--- Input data Enclosed Below ---

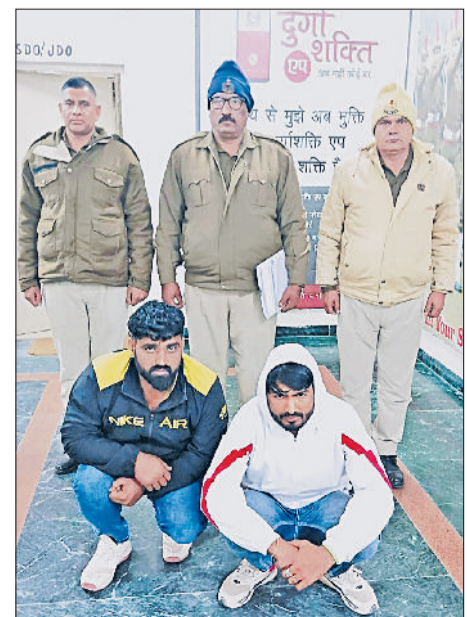
नारनौल। पुलिस गिरफ्त में आरोपित।
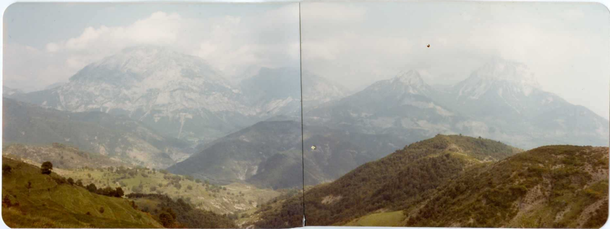
FOTO 266 Panorámica de Punta Llerga, Peña Solana y Peña Montañesa, (esta última en la hoja de Campo) desde el O. Pertenecientes a la unidad del Cotiella, sobre el Eoceno del río Cinca.
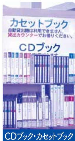
CDブック・カセットブック
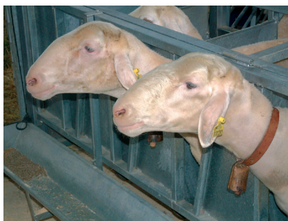
Los elementos para inmovilizar animales deben ser seguros, sin riesgo de producir heridas

Si desea ampliar la información sobre bienestar animal en el ganado ovino, puede consultar la página web del M.A.P.A., donde se recoge toda la normativa relativa a este tema.
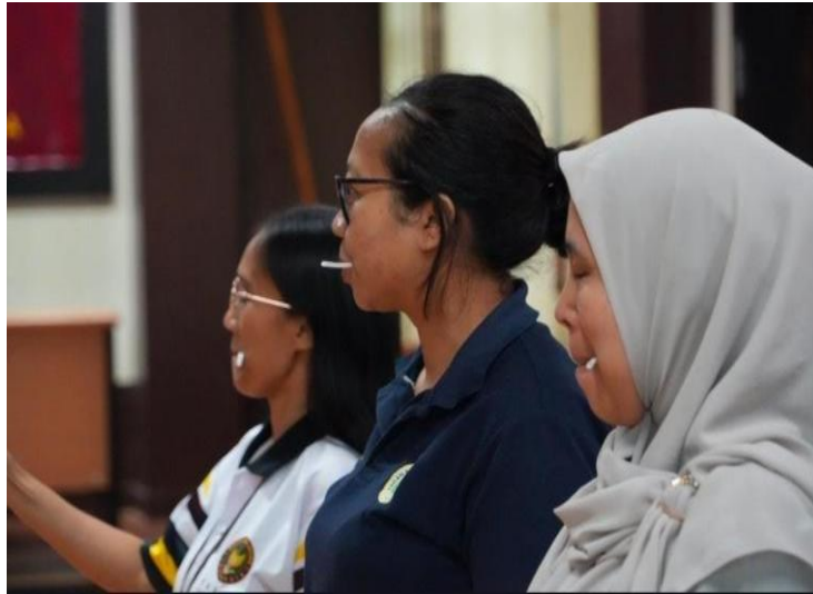
Gambar 3. Peserta Pelatihan Melakukan Latihan Vokal.

Metode latihan lokal dalam public speaking ini menggunakan teknik-teknik tertentu untuk mengoptimalkan suara agar terdengar jelas, kuat, dan menarik sehingga menimbulkan efektivitas komunikasi. Teknik ini meliputi pernapasan diafragma, artikulasi, intonasi, volume, dan proyeksi suara.
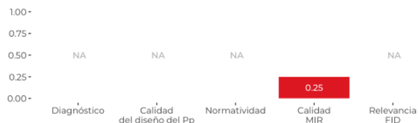
GRÁFICA 2. DISEÑO: RESULTADOS POR VARIABLE

La etapa del diseño en el ciclo de las políticas públicas es de suma importancia, pues en ella se desagrega el problema público identificado en sus elementos constitutivos. De este modo, en esta dimensión se valora si un Pp ha desarrollado los elementos mínimos necesarios para contar con un diseño adecuado para el logro de sus objetivos.

--- End of Enclosed Input data ---

__Exercise aim__. When you reach the line that has "Metode latihan lokal" in the data above, start repeating lines exactly, and stop after the line that has "GRÁFICA 2. DISEÑO: RESULTADOS POR VARIABLE"; pictures stay out.

__Result__.
Metode latihan lokal dalam public speaking ini menggunakan teknik-teknik tertentu untuk mengoptimalkan suara agar terdengar jelas, kuat, dan menarik sehingga menimbulkan efektivitas komunikasi. Teknik ini meliputi pernapasan diafragma, artikulasi, intonasi, volume, dan proyeksi suara.
GRÁFICA 2. DISEÑO: RESULTADOS POR VARIABLE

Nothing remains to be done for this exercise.